*** Dataset content ***

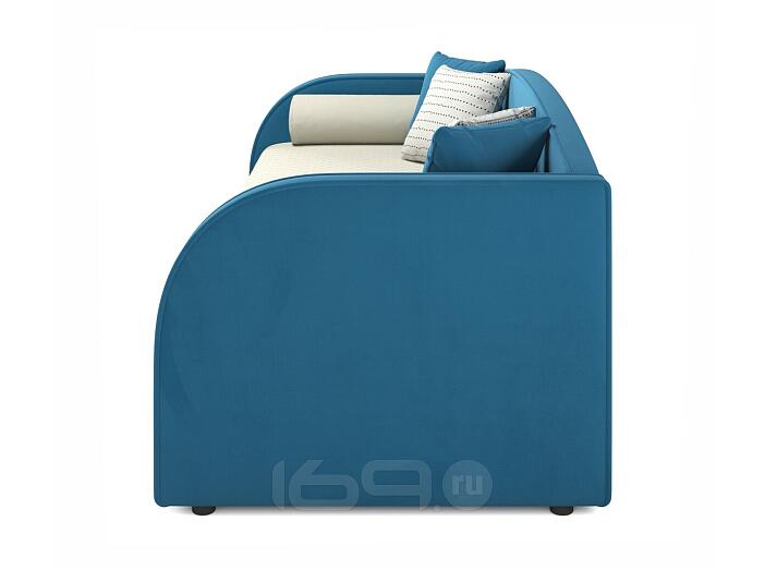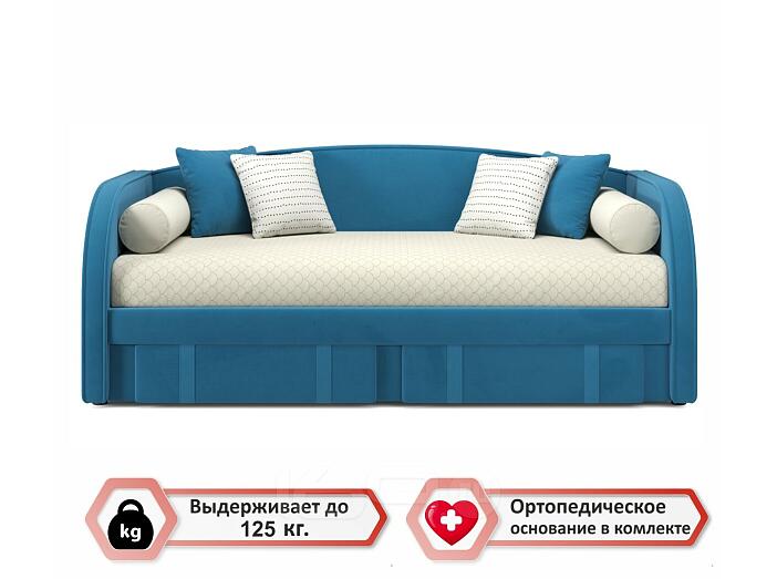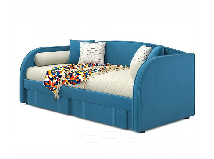 Кровать Elda с матрасом велюр синий без П/М 900x2000, изголовье мягкое
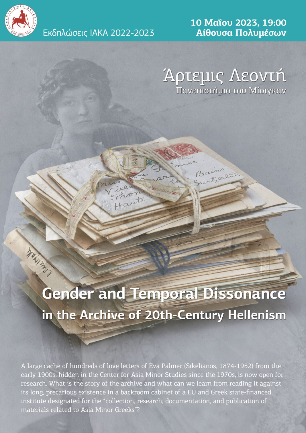 Αυτή η ομιλία ακολουθεί τις ανατροπές και τις στροφές της δημιουργίας του αρχείου της Εύας Πάλμερ, συμπεριλαμβανομένης της τρέχουσας κατάστασής του, και διαβάζει χειρόγραφα και αντικείμενα της συλλογής εστιάζοντας στις έμφυλες, συναισθηματικές, κοινωνικά αποκλίνουσες επιθυμίες που εκφράζουν και στις εναλλακτικές ιστορίες και την κοινωνία που φιλοδοξούν να δημιουργήσουν. Η έμφυλη και χρονική ασυμφωνία —και οι τυχαίοι συντονισμοί— της ύπαρξης αυτού του αρχείου, σε ένα ινστιτούτο αφιερωμένο στη μελέτη των Ορθοδόξων Χριστιανών στη Μικρά Ασία και τον ξεριζωμό τους στην Ελλάδα πριν από 100 χρόνια, στην πρώτη υποχρεωτική ανταλλαγή πληθυσμών του 20ου αιώνα, παρέχει ένα αναπόφευκτο πλαίσιο διερώτησης σχετικά με το εύρος του αρχείου του ελληνισμού του 20ού αιώνα και τους πόρους που κρύβει για την ενασχόληση με τη συγκρότηση του κοινωνικού σώματος στην επισφαλή παρούσα στιγμή.
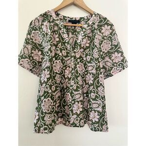 Sanctuary Green and Pink Floral Soft Button Down Blouse top Size Small
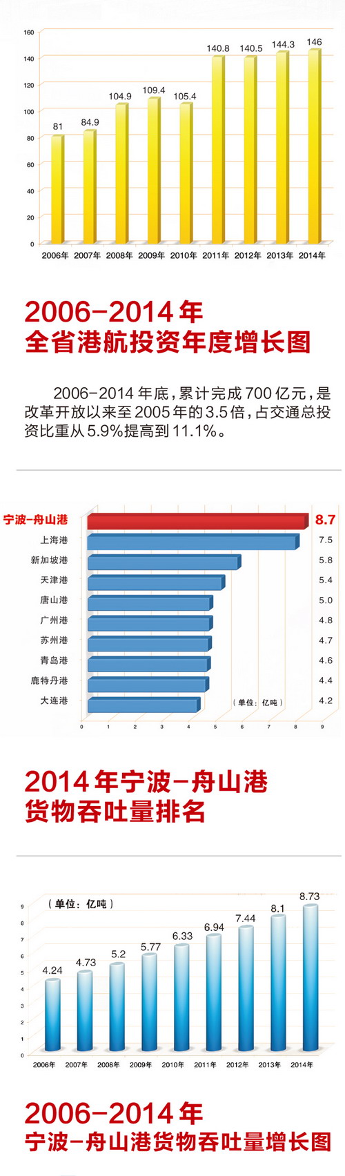 全国首条30万吨级人工航道——虾峙门航道、全国最大原油码头——大榭实华二期45万吨原油码头、北仑四期集装箱码头……十年来,浙江的大港梦一张蓝图绘到底、一任接着一任干。自2008年起,全省港航建设投资连年破百亿,“十二五”建设投资达700亿元,是“十一五”的1.4倍。
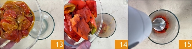 Geben Sie sowohl die Tomaten 13 als auch die Paprika in ein Gefäß 14 und pürieren Sie mit einem Stabmixer, bis eine glatte und homogene Sauce entsteht 15. Beiseite legen.
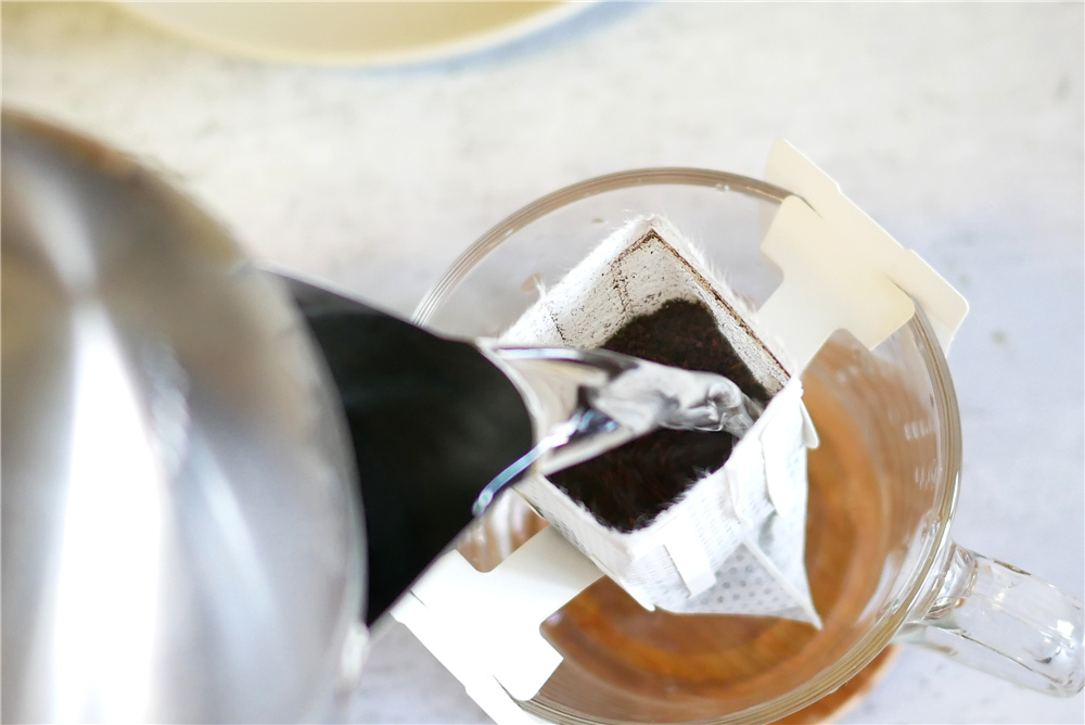 3.分次注水,少量多次!等待的時刻邊聞著香氣之後就可以享用美味的咖啡啦!
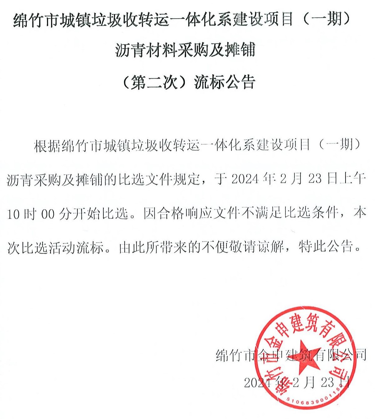 城镇垃圾收转运一体化(一期)沥青材料第二次流标公告
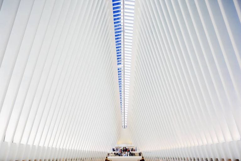Se lá mesmo tomarmos a linha E até a estação do World Trade Center, saímos no The Oculus, um espaço projetado pelo arquiteto Santiago Calatrava que abriga um shopping center e um terminal de transportes. Por um momento teremos a impressão de estar dentro do esqueleto de um diplodoco, cuja espinha dorsal seria a claraboia no alto. Embora possamos ficar boquiabertos, alguns nos lembrarão que o preço elevado do projeto – 3,7 bilhões de dólares – causou polêmica entre os habitantes da cidade.

*** End of Dataset content ***

### Work order
I'd like the data above duplicated exactly, with no pictures included.

### Solved problem
 Кровать Elda с матрасом велюр синий без П/М 900x2000, изголовье мягкое
 Αυτή η ομιλία ακολουθεί τις ανατροπές και τις στροφές της δημιουργίας του αρχείου της Εύας Πάλμερ, συμπεριλαμβανομένης της τρέχουσας κατάστασής του, και διαβάζει χειρόγραφα και αντικείμενα της συλλογής εστιάζοντας στις έμφυλες, συναισθηματικές, κοινωνικά αποκλίνουσες επιθυμίες που εκφράζουν και στις εναλλακτικές ιστορίες και την κοινωνία που φιλοδοξούν να δημιουργήσουν. Η έμφυλη και χρονική ασυμφωνία —και οι τυχαίοι συντονισμοί— της ύπαρξης αυτού του αρχείου, σε ένα ινστιτούτο αφιερωμένο στη μελέτη των Ορθοδόξων Χριστιανών στη Μικρά Ασία και τον ξεριζωμό τους στην Ελλάδα πριν από 100 χρόνια, στην πρώτη υποχρεωτική ανταλλαγή πληθυσμών του 20ου αιώνα, παρέχει ένα αναπόφευκτο πλαίσιο διερώτησης σχετικά με το εύρος του αρχείου του ελληνισμού του 20ού αιώνα και τους πόρους που κρύβει για την ενασχόληση με τη συγκρότηση του κοινωνικού σώματος στην επισφαλή παρούσα στιγμή.
 Sanctuary Green and Pink Floral Soft Button Down Blouse top Size Small
 全国首条30万吨级人工航道——虾峙门航道、全国最大原油码头——大榭实华二期45万吨原油码头、北仑四期集装箱码头……十年来,浙江的大港梦一张蓝图绘到底、一任接着一任干。自2008年起,全省港航建设投资连年破百亿,“十二五”建设投资达700亿元,是“十一五”的1.4倍。
 Geben Sie sowohl die Tomaten 13 als auch die Paprika in ein Gefäß 14 und pürieren Sie mit einem Stabmixer, bis eine glatte und homogene Sauce entsteht 15. Beiseite legen.
 3.分次注水,少量多次!等待的時刻邊聞著香氣之後就可以享用美味的咖啡啦!
 城镇垃圾收转运一体化(一期)沥青材料第二次流标公告
Se lá mesmo tomarmos a linha E até a estação do World Trade Center, saímos no The Oculus, um espaço projetado pelo arquiteto Santiago Calatrava que abriga um shopping center e um terminal de transportes. Por um momento teremos a impressão de estar dentro do esqueleto de um diplodoco, cuja espinha dorsal seria a claraboia no alto. Embora possamos ficar boquiabertos, alguns nos lembrarão que o preço elevado do projeto – 3,7 bilhões de dólares – causou polêmica entre os habitantes da cidade.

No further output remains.